-- What the task asks --
Please copy out the full listing that follows exactly; no picture belongs in the copy.

-- Dataset excerpt --
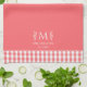 gingham rosa de coral blanco, monograma de personalizado rústico de una casa de campo, toalla de cocina personalizada personalizada, patrón de comprobación de nombres personales, manteles a cuadros elegantes, añádase su propio texto, apellido de familia roja, patria pintoresca inicial, chef sencillo clásico tradicional, hoja de trigo de cocina de campo
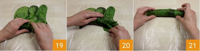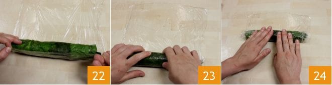 Now gently bring the roll back to the beginning of the plastic wrap 22 and wrap it, rolling it gradually with the latter (23-24).
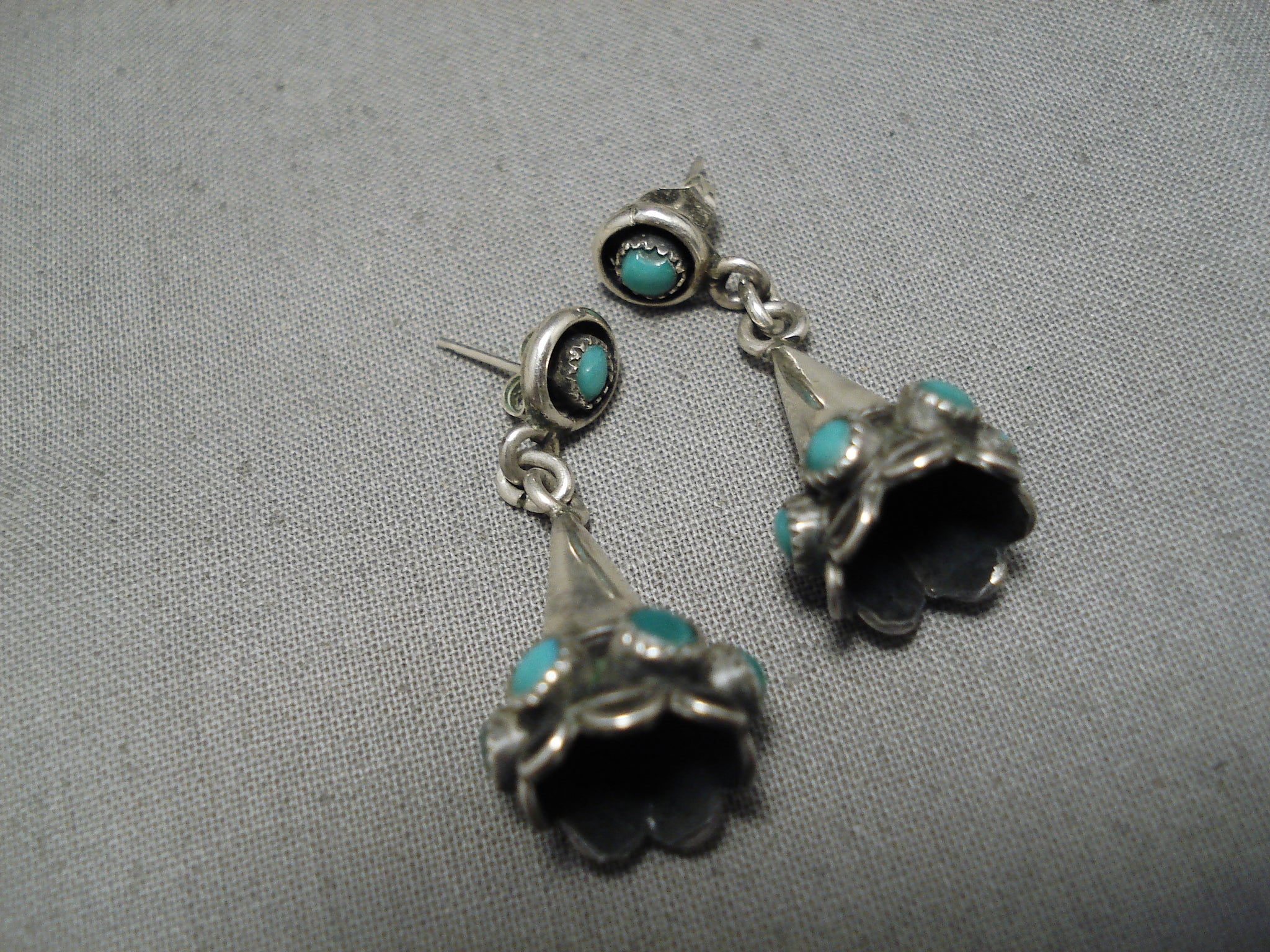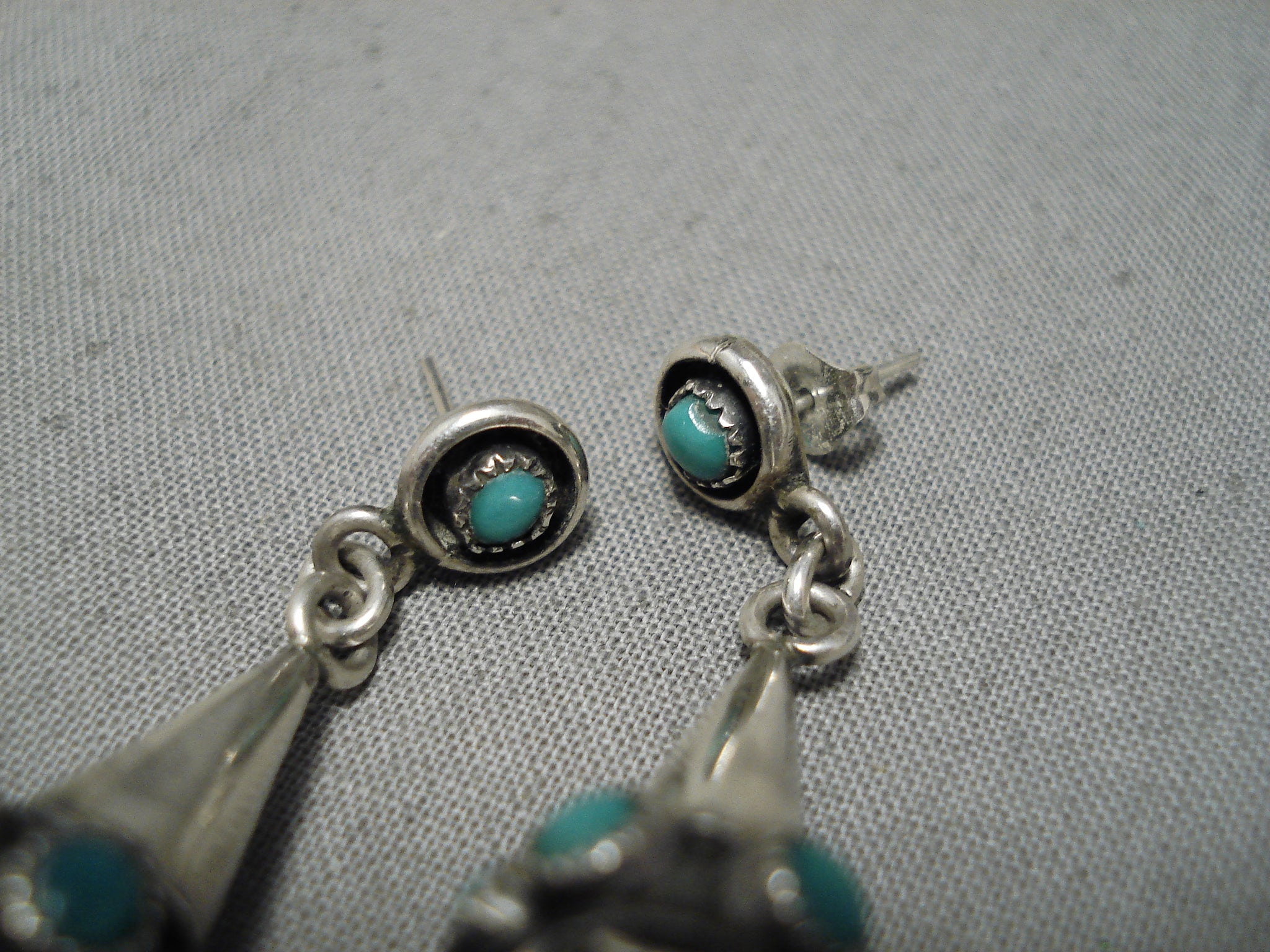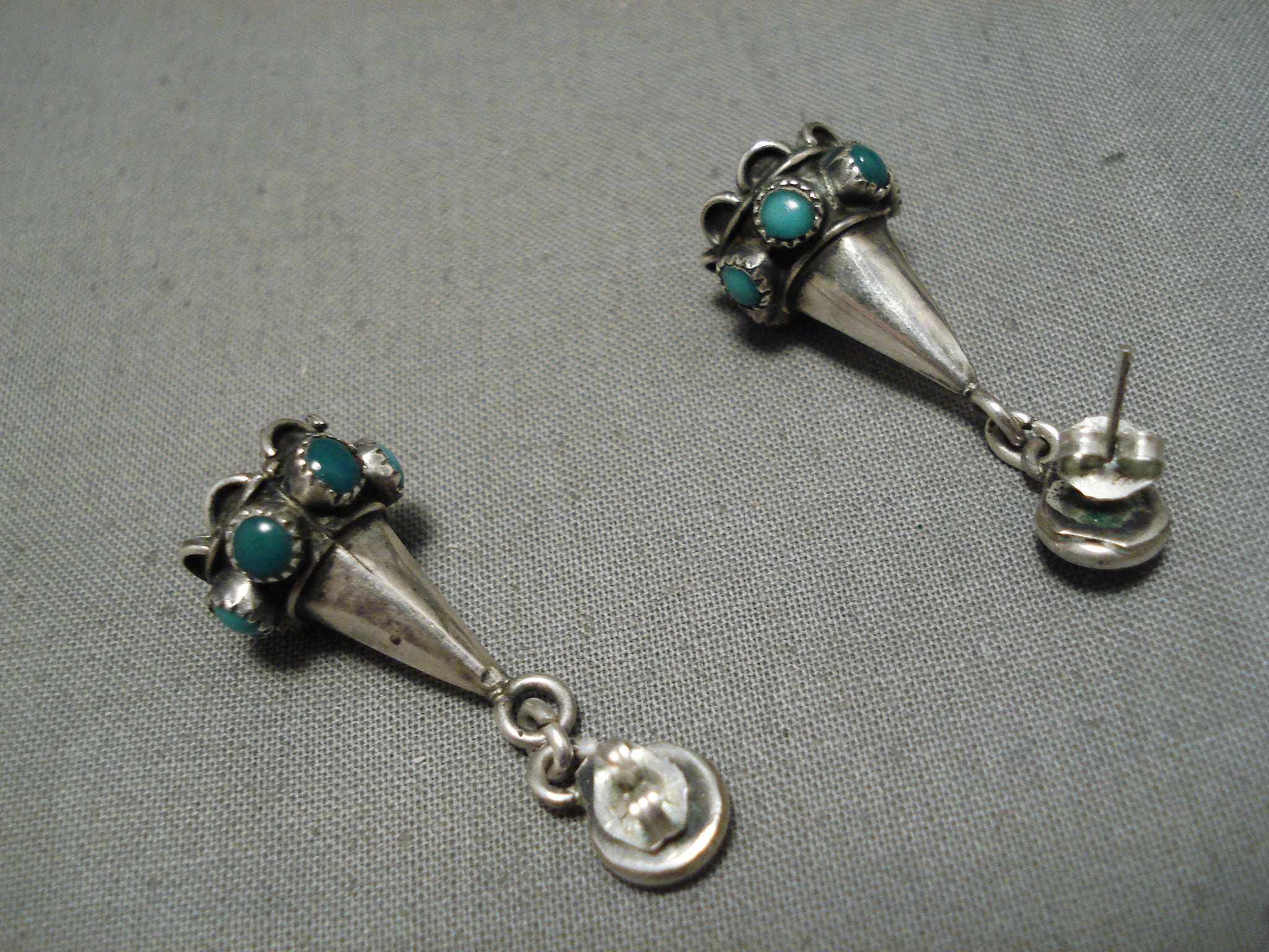 Extremely Rare Vintage Native American Navajo Snake Eyes Turquoise Sterling Silver Cone Earrings
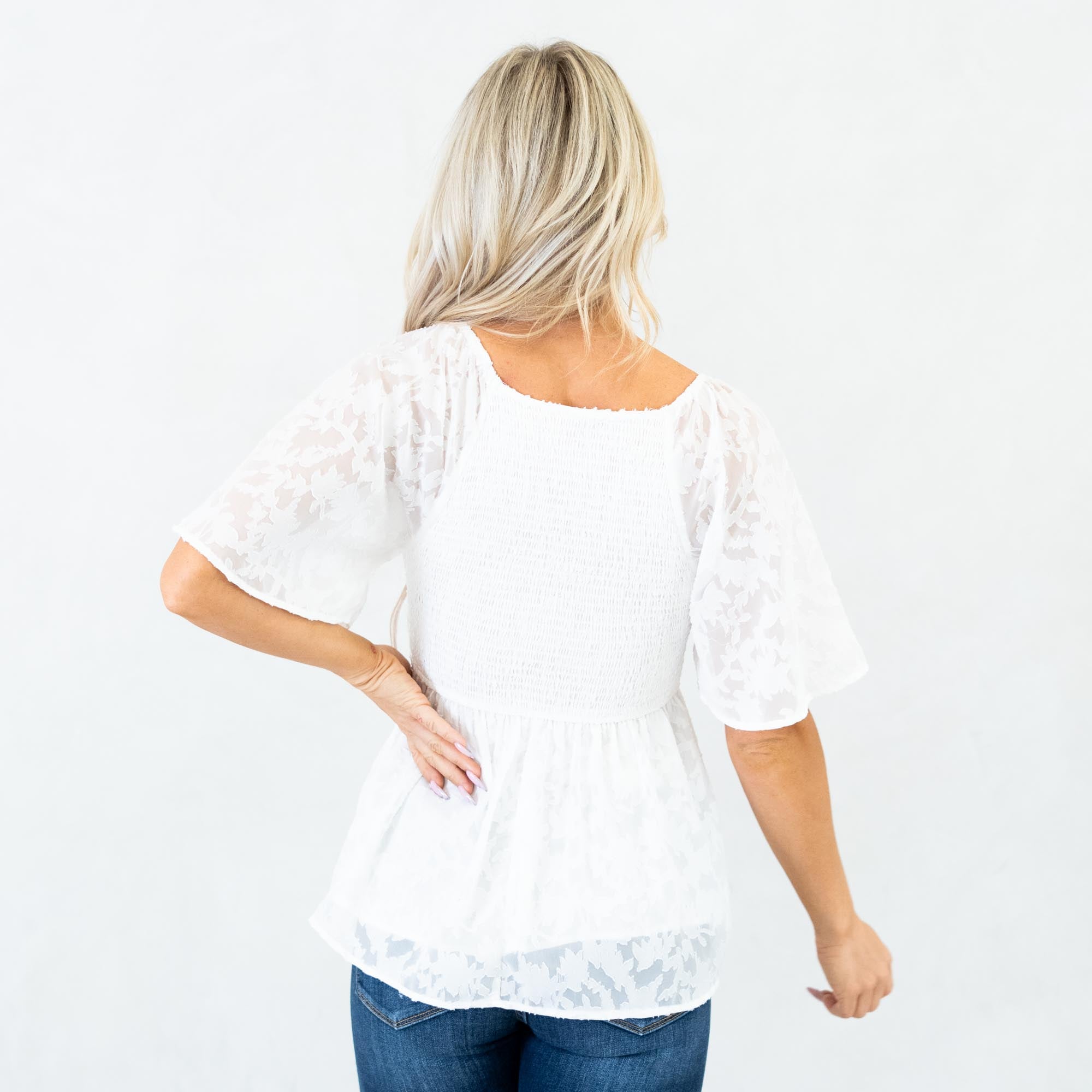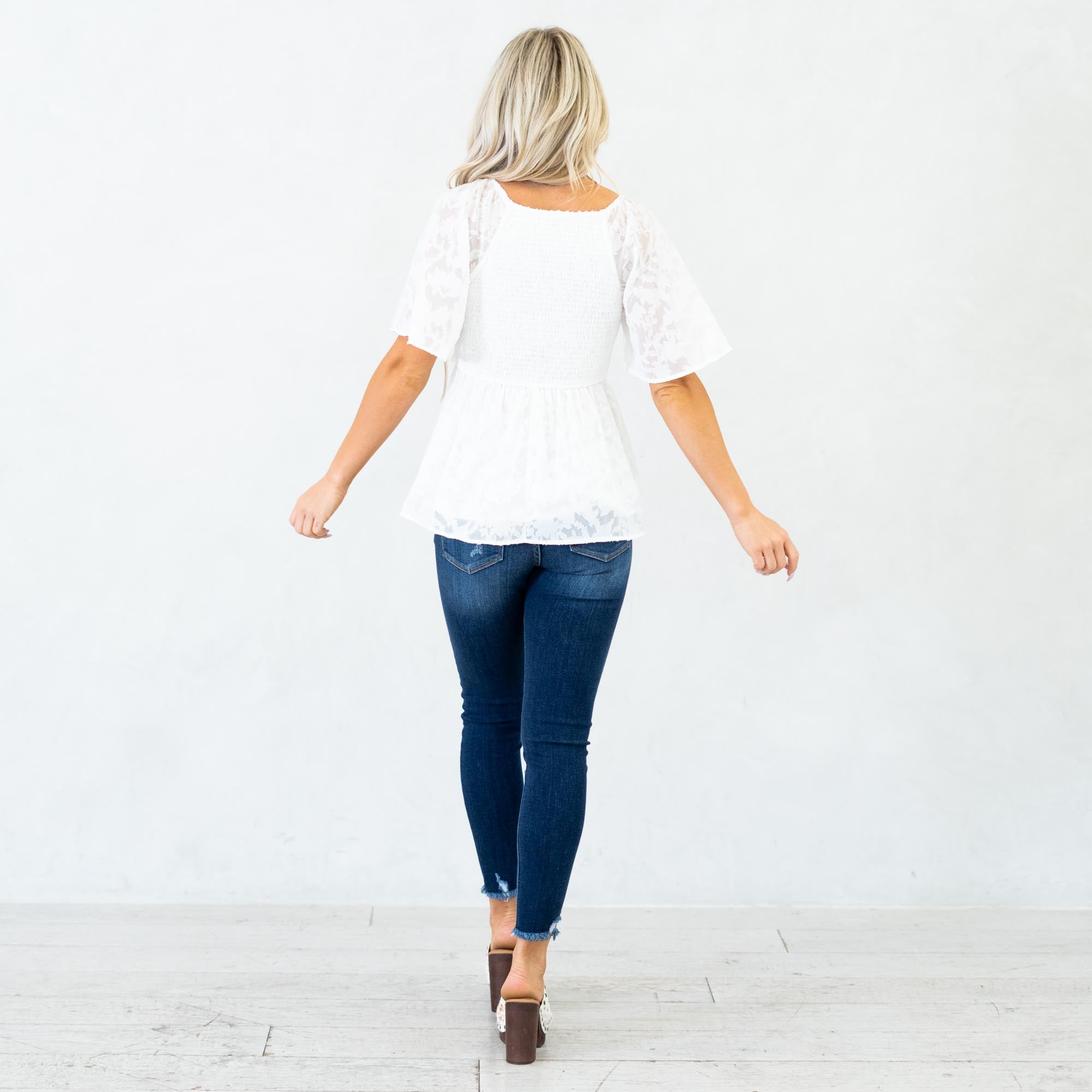 Hem & Thread Midnight Charm Smocked Peplum Top White

-- Solution to this problem --
 gingham rosa de coral blanco, monograma de personalizado rústico de una casa de campo, toalla de cocina personalizada personalizada, patrón de comprobación de nombres personales, manteles a cuadros elegantes, añádase su propio texto, apellido de familia roja, patria pintoresca inicial, chef sencillo clásico tradicional, hoja de trigo de cocina de campo
 Now gently bring the roll back to the beginning of the plastic wrap 22 and wrap it, rolling it gradually with the latter (23-24).
 Extremely Rare Vintage Native American Navajo Snake Eyes Turquoise Sterling Silver Cone Earrings
 Hem & Thread Midnight Charm Smocked Peplum Top White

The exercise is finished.